The Most Unpopular Fraction
Whatever the size of their majority in the Texas House, Republicans in the Texas Senate have to contend with the rule requiring two-thirds of members to agree to bring a bill up for vote. That's 21 out of 31 — and there are only 19 Republicans in the upper chamber. As Ben Philpott of KUT News and the Tribune reports, some in the GOP want the rule changed.
Republicans hold a 99-51 edge in the Texas House — enough of a majority for them to pass almost anything without needing support from Democrats. It's an edge that many in the GOP, including state Sen. Dan Patrick, R-Houston, see as a specific mandate to advance conservative legislative priorities.
"Obviously there are more votes on the conservative side of the ledger," Patrick says. "And so issues, particularly dealing with immigration, may finally move forward."
Patrick believes the House should also easily pass long-stalled a bill requiring a picture ID to vote and make redistricting go more smoothly. Those debates will still be highly partisan and contentious, but with the fewest votes in their party's history, there's only so much Democrats can do.
But that’s the House; the Texas Senate is another matter entirely. The rules in the upper chamber still require two-thirds of the members to agree to bring a bill up for vote. That's 21 out of 31 — and there are only 19 Republicans in the Senate. So Democratic senators could, if they wanted to, block every Republican bill.

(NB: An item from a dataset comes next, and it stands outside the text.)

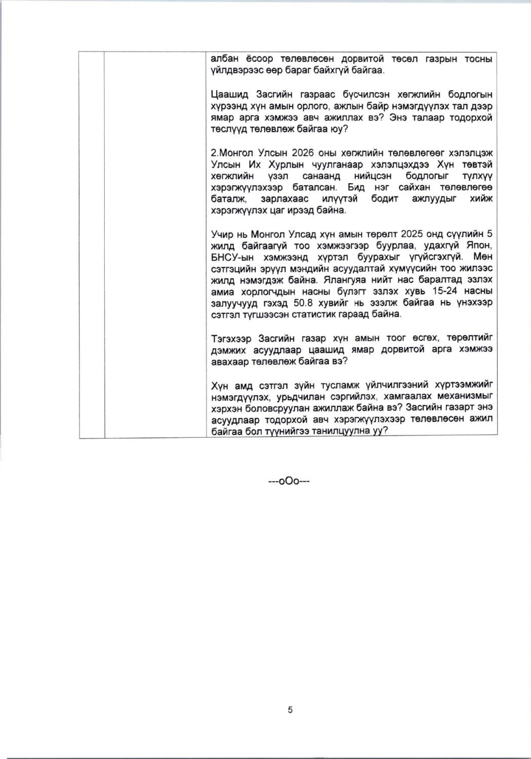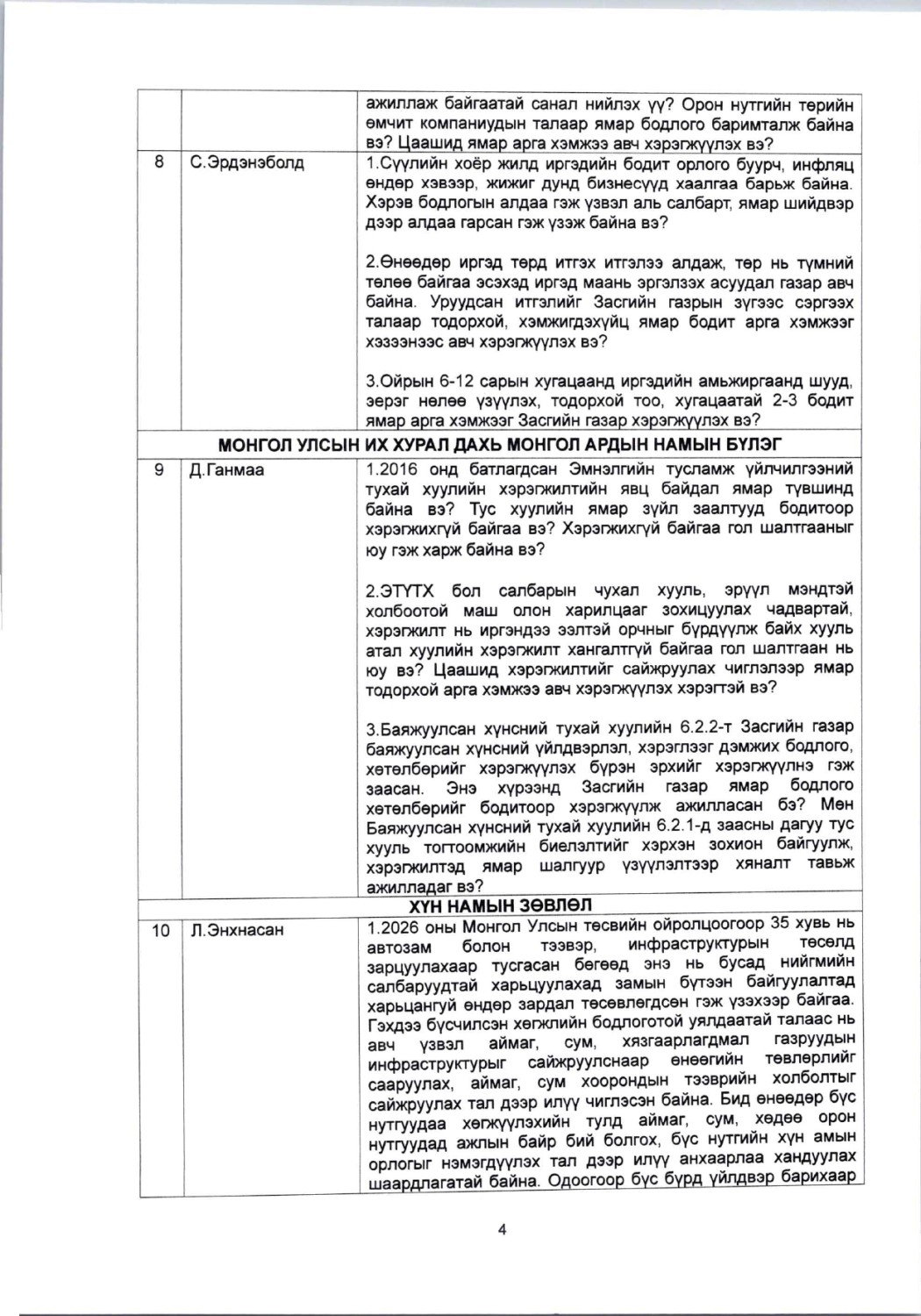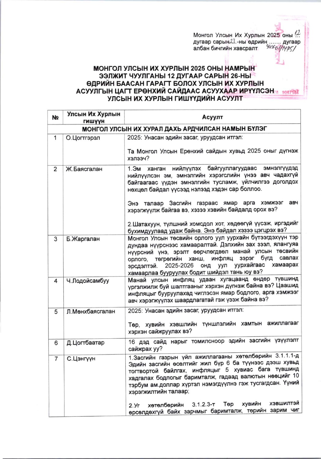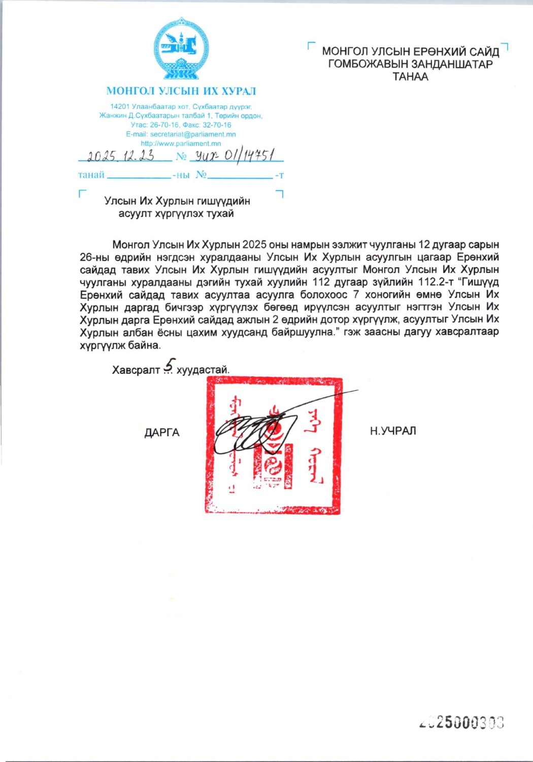 УИХ-ын 12-р сарын 26-ны нэгдсэн хуралдааны УИХ-ын асуулгын цагаар Ерөнхий сайдад тавих УИХ-ын гишүүдийн асуултыг УИХ-ын дарга Н.Учрал өнөөдөр албан бичгээр хүргүүлжээ.

Patrick doesn't think voters are going to accept the two-thirds rule as an excuse for a failed Republican agenda. "I don't think the Senate should be or can be in a position to say, 'The overwhelming majority of Texans voted for conservative Republicans and we’re going to let 12 Democrats block everything that the people want,'" he says.
Patrick wants to change the rule to from two-thirds to 60 percent, dropping the number of votes needed to bring up a bill to just 18. He only needs 16 votes to change the rule when the Senate convenes in January, and he says he’s already got six or seven so far.
Mark Jones, chairman of the Department of Political Science at Rice University, thinks a change to the rule could be shortsighted. It could allow ultra-conservative bills to become law — and that could hurt the GOP at the ballot box in the future.
"I think [Patrick] is interested far more in getting the numbers that will allow him to do what he wants to do this session," Jones says. "I don’t think he’s thinking in terms of the long term. In particular, it's pretty clear he doesn't think about the long-term health of the Republican Party when he supports some of the very anti-immigrant legislation."
Senate Republicans took a small step toward Patrick's proposal at the start of the 2009 session: They voted to exempt a controversial voter ID bill from the two-thirds rule. The bill passed the Senate, only to die in the Texas House when Democrats blocked it with a multi-day filibuster.